The rule change, designed to improve the ability of members to monitor transactions and keep more extensive records, was pending with the SEC as Traders Magazine went to press. If approved, the exchange would give members six months to meet the new standards. The proposed rule is designed to ensure that there is a more effective way of tracing transactions in an age in which security concerns have become more and more important.

Regionals

*Three regional exchanges have scored a regulatory victory. The Boston, Chicago and Cincinnati stock exchanges, along with other exchanges, will still have unlisted trading privileges to quote stocks on the Nasdaq SmallCap market. This means, Nasdaq officials said, that these exchanges will be able to offer their quotes within the Nasdaq feeds. Nevertheless, Nasdaq officials said that one policy is unchanged: SuperSoes can continue to ignore quotes from UTP participants who refuse automatic execution. This SuperSoes pilot program, which had been slated to end on Feb. 28, has been extended to May 31. Nasdaq officials said the deadline was extended so they can have a better measurement of the pilot's effectiveness.

Boston Bid

*The Boston Stock Exchange, later this year, is expected to offer a proposal for a new electronics options exchange. The exchange, which would be called the Boston Exchange Group (BOX), will be formed along with the Interactive Options Group and the Montreal Exchange, according to a Boston Stock Exchange spokeswoman. She said that no exact date has been set to file the proposal with the SEC, but it should happen in the next few months.

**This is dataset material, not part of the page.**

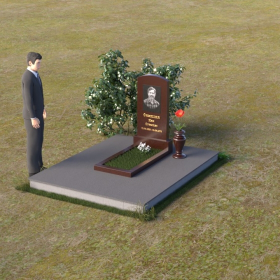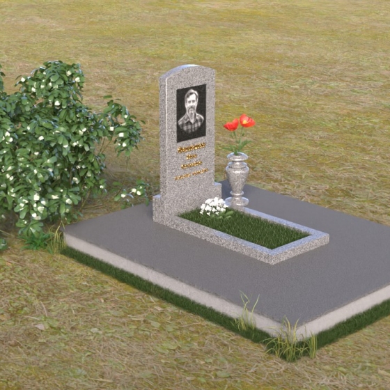 Благодаря своей лаконичной форме, эта стела предоставляет широкие возможности для оформления. Портрет усопшего будет гармонично смотреться как в верхней части стелы, так и чуть ниже центра. Золотое тиснение имени и дат жизни будет элегантно выделяться на фоне полированного камня, создавая четкий и легко читаемый образ. Небольшая тумба, расположенная перед стелой, может служить местом для возложения цветов и памятных вещей. Мы рекомендуем выбирать для этой модели сдержанные, лаконичные шрифты, которые подчеркнут общую элегантность композиции. Подумайте о возможности добавления небольшого бронзового барельефа или скульптуры, отражающей профессию или увлечения ушедшего человека. Это добавит индивидуальности и сделает место памяти еще более личным и значимым. Ваза, выполненная в едином стиле с монументом, завершит композицию и придаст ей законченный вид.

BOX would be the second electronic options marketplace in the United States after the International Securities Exchange (ISE). Some of what BOX will trade includes equity indexes, exchange traded funds and single stock futures. Part of the move by the Boston Stock Exchange is stimulated by competition from the ISE. It has had explosive growth since its launch in the middle of 2000. It is now the third largest of the five U.S. options exchanges. BOX, which is hoping to begin operations sometime later this year, will also offer contracts on the 100 most actively traded equity positions.

More Options

*The U.S options exchanges are expected to be linked electronically beginning in the spring of 2003. Testing of the linked system is slated to begin in December, with the new system operational by the end of April 2003. The goal is ambitious and is by no means guaranteed, officials of the exchanges agreed. That's because the process is complicated.

It will mean connecting every exchange to a central processor. Ensuring that this works effectively is a risky proposition, exchange officials said. Some have complained that the Chicago Board Options Exchange will delay the process because its technology is old.